A centrocampo per un Guarente che esce c’è un Barreto che entra: con il ritorno di Bonaventura e Radovanovic il pacchetto sarebbe praticamente fatto. La chiave è Valdes, Colantuono chiede molto agli esterni e quindi ne servono almeno 4 di sicuro affidamento: Ferreira Pinto e il rientrante Defendi (oltre 50 presneze tra A e B nel biennio precedente agli ordini del tecnico romano) dovranno essere affiancati da altre pedine senza dimenticare Cissè che certamente non rimarrà all’Albinoleffe e può muoversi sull’out sinistro.

In avanti, con Tiribocchi titolare inamovibile e Doni (entusiasmo alle stelle per il capitano, dopo l’incontro con Percassi) ci sono da prendere alcune decisioni. I giovani (Tiboni, Marconi e Gabbiadini) andranno probabilmente ancora a giocare. Detto di Cissè, resta Amoruso da valutare e c’è un nome molto interessante che potrebbe tornare in gioco: quello di Francesco Ruopolo.

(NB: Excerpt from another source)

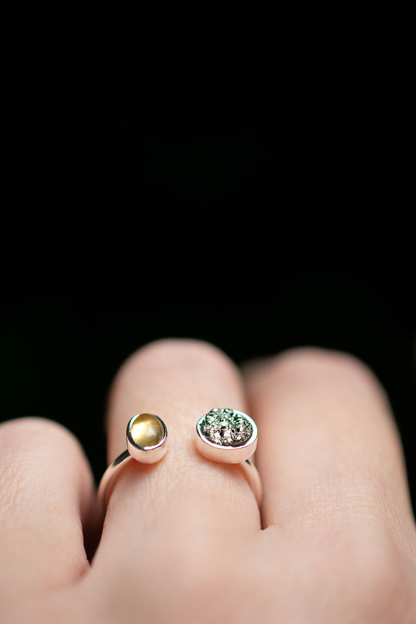 Nuestro anillo Joia es el equilibrio perfecto entre elegancia y energía positiva. Diseñado en delicada plata, combina dos poderosas piedras: la pirita, en su forma natural, y el citrino, con su cálido tono dorado que irradia luz y optimismo. Cada detalle ha sido cuidadosamente pensado para que esta joya te haga lucir aún más bella y además eleve tu vibración diaria.

L’attaccante partenopeo, 38 gol nelle ultime tre stagioni all’Albinoleffe, è libero da impegni e Zamagna lo conosce molto bene avendo lavorato insieme nel Parma. Su di lui c’è il Chievo ma se arrivasse una chiamata da Bergamo le cose potrebbero cambiare: generoso, forte fisicamente e abituato alla manovra, Ruopolo potrebbe dare il cambio a Tiribocchi o eventualmente giocarci vicino per un attacco sicuramente importante in area di rigore.

L’unico vero nodo da sciogliere è il vice Doni. Una seconda punta agile e veloce, magari giovane su cui investire per il futuro. Difficile individuare un nome importante, molto probabile che gli uomini di Percassi comunque ci stiano pensando e considerando il livello e la conoscenza degli attori in gioco c’è di che stare tranquilli.